Instead I picked off the dried gunk and we continued on our merry way.  Stains and all.

I promise I clean my baby 🙂

The problem is that a little dirt doesn’t bother me.

I don’t (not yet anyway) have many hard and fast parenting rules for myself (beyond love my babies with all my heart and never buy a travel system stroller set).

I do want my children to have a fabulous childhood and, in my mind, I’ve narrowed down the three things that I loved best about my own childhood:

1. My imagination
2. My siblings
3. Open land to roam

Cleanliness didn’t even make the rankings.  I loved nice clothes, but what good was the most gorgeous dress if you couldn’t take it down to the creek and imagine the most romantic stories? I never want my children to fear getting dirty– is that a silly thing to wish for them?

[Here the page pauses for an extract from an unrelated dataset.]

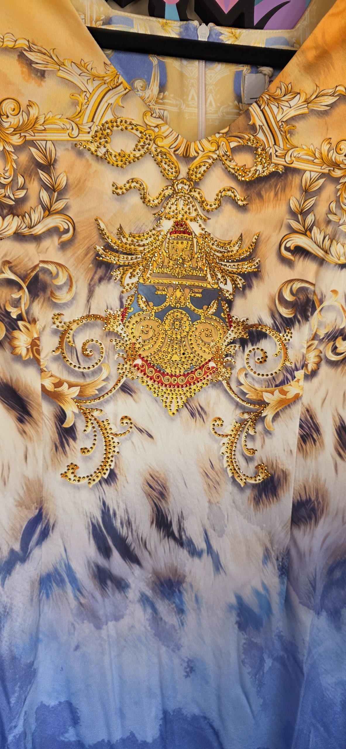 Prachtig mooie jurk bewerkt met strass steentjes en die kleuren zijn zo gaaf!
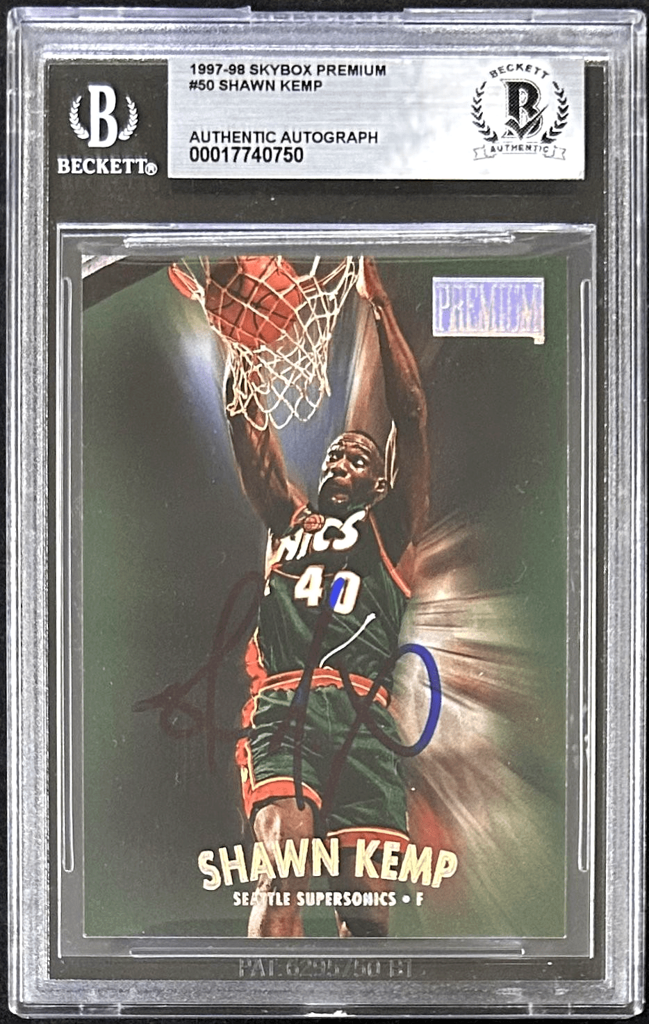 Shawn Kemp 1997-98 Skybox Premium Reebok Signed Card #50 Beckett 17740750

I remember one Easter morning my sisters and I were all done up in our new easter dresses, fresh from our showers and as we waited for the our mother to finish getting the babies ready, we realized that it was, quite simply, the most gorgeous spring day we had had that year.  In a flash, we were out of the house and headed towards the fields.  The spring thaw had left a small running brook under a fallen tree we called Rainbow Bridge.  Socks and shoes were left in the grass, we hiked up our skirts and waded and played and crawled up and down that tree trunk until the car horn called us to load up for Mass.  My mother didn’t say a word, even though a good 50% of her children showing up for the most well attended Mass of the year entirely bedraggled and smelled like wild animals.  It was one of the best Easters ever.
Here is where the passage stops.